Document clustering method and apparatus based on common information of documents

US 7,499,923 B2
Filed: 03/04/2004
Issued: 03/03/2009
Est. Priority Date: 03/05/2003
Status: Expired due to Fees

First Claim

Patent Images

1. A computer implemented method of clustering documents, each clustering document having one or plural document segments in an input document, said method comprising steps:

(a) obtaining a co-occurrence matrix for the input document by using a computer, the co-occurrence matrix is a matrix reflecting occurrence frequencies of terms and co-occurrence frequencies of term pairs, and obtaining an input document frequency matrix for a set of input documents based on occurrence frequencies of terms or term pairs appearing in the set of input documents wherein said step (a) further includes;

generating an input document segment vector for each input document segment of said input document segments based on occurrence frequencies of terms appearing in said each input document segment;

obtaining the co-occurrence matrix for the input document from input document segment vectors; and

obtaining the input document frequency matrix from the co-occurrence matrix for each document;

(b) selecting a seed document from a set of remaining documents that are not included in any cluster existing, and constructing a current cluster of an initial state based on the seed document, wherein said selecting and said constructing comprises;

constructing a remaining document common co-occurrence matrix for the set of the remaining documents based on a product of corresponding components of co-occurrence matrices of all documents in the set of remaining documents; and

obtaining a document commonality of each remaining document to the set of the remaining documents based on a product sum between every component of the co-occurrence matrix of each remaining document and the corresponding component of the remaining document common co-occurrence matrix;

extracting a document having highest document commonality to the set of the remaining documents; and

constructing initial cluster by including the seed document and neighbor documents similar to the seed document;

(c) making documents, which have document commonality to a current cluster higher than a threshold, belong temporarily to the current cluster;

wherein said making comprising;

constructing a current cluster common co-occurrence matrix for the current cluster and a current cluster document frequency matrix of the current cluster based on occurrence frequencies of terms or term pairs appearing in the documents of the current cluster;

obtaining a distinctiveness value of each term and each term pair for the current cluster by comparing the input document frequency matrix with the current cluster document frequency matrix;

obtaining weights of each term and each term pair from the distinctiveness values;

obtaining a document commonality to the current cluster for each document in a input document set based on a product sum between every component of the co-occurrence matrix of the input document and the corresponding component of the current cluster common co-occurrence matrix while applying the weights to said components; and

making the documents having document commonality to the current cluster higher than the threshold belong temporarily to the current cluster;

(d) repeating step (c) until number of documents temporarily belonging to the current cluster does not increase;

(e) repeating steps (b) through (d) until a given convergence condition is satisfied; and

(f) deciding, on a basis of the document commonality of each document to each cluster, a cluster to which each document belongs and outputting said cluster.

View all claims

2 Assignments

Timeline View

Assignment View

0 Petitions

Accused Products

Abstract

In document (or pattern) clustering, the correct number of clusters and accurate assignment of each document (or pattern) to the correct cluster are attained.
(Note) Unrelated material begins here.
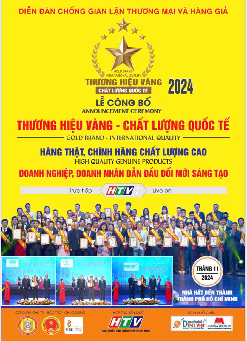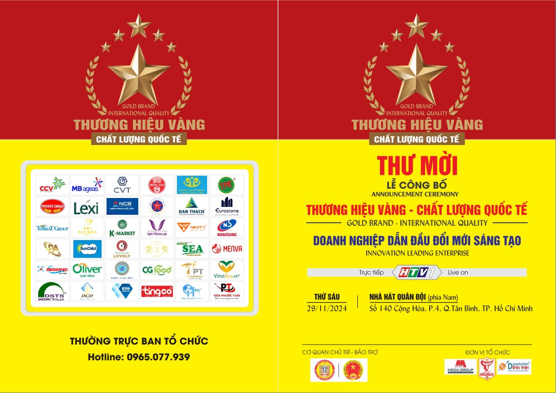 Vào ngày 29/11/2024, sự kiện uy tín “Thương Hiệu Vàng - Chất Lượng Quốc Tế” sẽ chính thức diễn ra tại Nhà Hát Quân Đội Phía Nam. Đây là một trong những sự kiện thường niên có quy mô lớn, nhằm vinh danh các doanh nghiệp và thương hiệu hàng đầu tại Việt Nam cùng nhiều đối tác quốc tế uy tín. Chương trình được tổ chức bởi Media Group, phối hợp với Trung tâm Chống Hàng Giả và Báo Doanh Nhân Đất Việt, dưới sự bảo trợ và chủ trì của Viện Chống Gian Lận Thương Mại và Hàng Giả cùng Hội Chống Hàng Giả và Bảo Vệ Thương Hiệu.
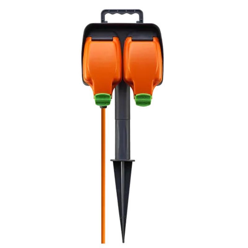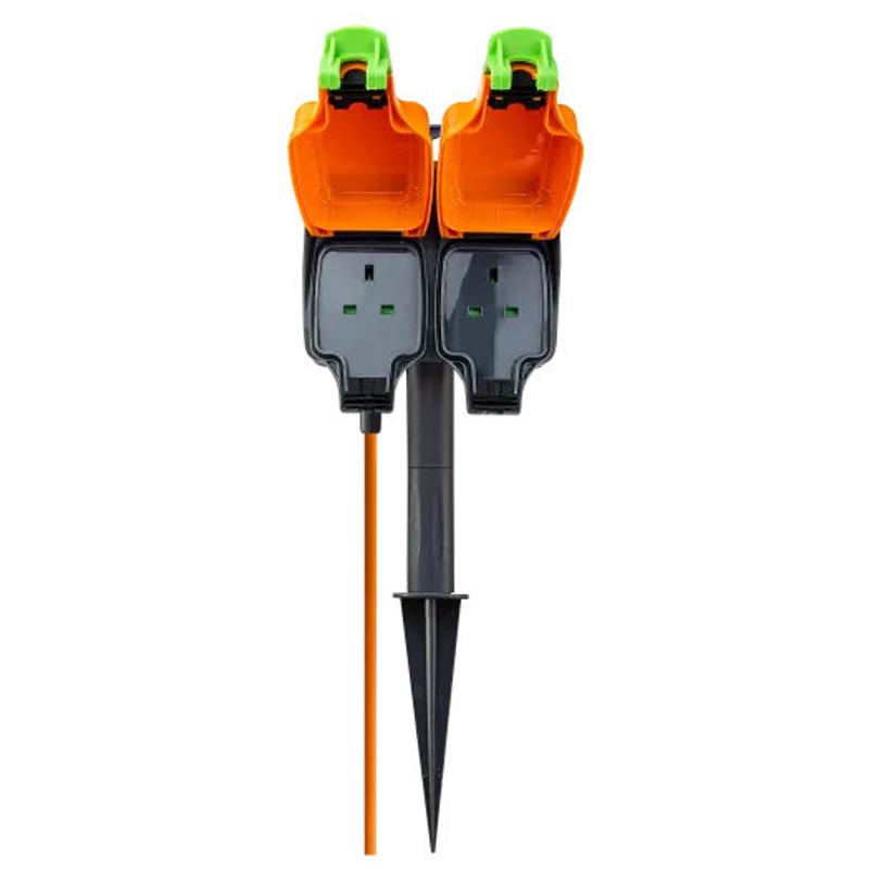 The Masterplug garden spike is fitted with two weatherproof sockets and has a 15m extension lead. It is Convenient & safe in providing temporary outdoor power sockets ideal for use with DIY tools or garden equipment. It provides instant garden power and has a spike for securely fixing the sockets into the ground. It is IP54 rated in use with latching waterproof socket covers and is Manufactured to BS1363/2 for peace of mind.

Documents (or patterns) describing the same topic (or object) are grouped, so a document (or pattern) group belonging to the same cluster has some commonality. Each topic (or object) has distinctive terms (or object features) or term (or object feature) pairs. When the closeness of each document (or pattern) to a given cluster is obtained, common information about the given cluster is extracted and used while the influence of terms (or object features) or term (or object feature) pairs not distinctive to the given cluster is excluded.

Citations

9 Claims

1. A computer implemented method of clustering documents, each clustering document having one or plural document segments in an input document, said method comprising steps:
- (a) obtaining a co-occurrence matrix for the input document by using a computer, the co-occurrence matrix is a matrix reflecting occurrence frequencies of terms and co-occurrence frequencies of term pairs, and obtaining an input document frequency matrix for a set of input documents based on occurrence frequencies of terms or term pairs appearing in the set of input documents wherein said step (a) further includes;
  
  generating an input document segment vector for each input document segment of said input document segments based on occurrence frequencies of terms appearing in said each input document segment;
  
  obtaining the co-occurrence matrix for the input document from input document segment vectors; and
  
  obtaining the input document frequency matrix from the co-occurrence matrix for each document;
  
  (b) selecting a seed document from a set of remaining documents that are not included in any cluster existing, and constructing a current cluster of an initial state based on the seed document, wherein said selecting and said constructing comprises;
  
  constructing a remaining document common co-occurrence matrix for the set of the remaining documents based on a product of corresponding components of co-occurrence matrices of all documents in the set of remaining documents; and
  
  obtaining a document commonality of each remaining document to the set of the remaining documents based on a product sum between every component of the co-occurrence matrix of each remaining document and the corresponding component of the remaining document common co-occurrence matrix;
  
  extracting a document having highest document commonality to the set of the remaining documents; and
  
  constructing initial cluster by including the seed document and neighbor documents similar to the seed document;
  
  (c) making documents, which have document commonality to a current cluster higher than a threshold, belong temporarily to the current cluster;
  
  wherein said making comprising;
  
  constructing a current cluster common co-occurrence matrix for the current cluster and a current cluster document frequency matrix of the current cluster based on occurrence frequencies of terms or term pairs appearing in the documents of the current cluster;
  
  obtaining a distinctiveness value of each term and each term pair for the current cluster by comparing the input document frequency matrix with the current cluster document frequency matrix;
  
  obtaining weights of each term and each term pair from the distinctiveness values;
  
  obtaining a document commonality to the current cluster for each document in a input document set based on a product sum between every component of the co-occurrence matrix of the input document and the corresponding component of the current cluster common co-occurrence matrix while applying the weights to said components; and
  
  making the documents having document commonality to the current cluster higher than the threshold belong temporarily to the current cluster;
  
  (d) repeating step (c) until number of documents temporarily belonging to the current cluster does not increase;
  
  (e) repeating steps (b) through (d) until a given convergence condition is satisfied; and
  
  (f) deciding, on a basis of the document commonality of each document to each cluster, a cluster to which each document belongs and outputting said cluster.
- View Dependent Claims (2, 3, 4)
- - 2. The method according to claim 1, wherein the remaining document common co-occurrence matrix or the current cluster common co-occurrence matrix reflects co-occurrence frequencies at which pairs of different terms co-occur in each document of the remaining documents or the current cluster.
  - 3. The clustering method according to claim 1, wherein the convergence condition in said step (e) is satisfied when(i) the number of documents whose document commonalities to any current clusters are less than a threshold becomes 0, or(ii) the number is less than a threshold and does not increase.
  - 4. The clustering method according to claim 1, wherein said step (f) further includes:
    - checking existence of a redundant cluster, and removing, when the redundant cluster exists, the redundant cluster and again deciding the cluster to which each document belongs.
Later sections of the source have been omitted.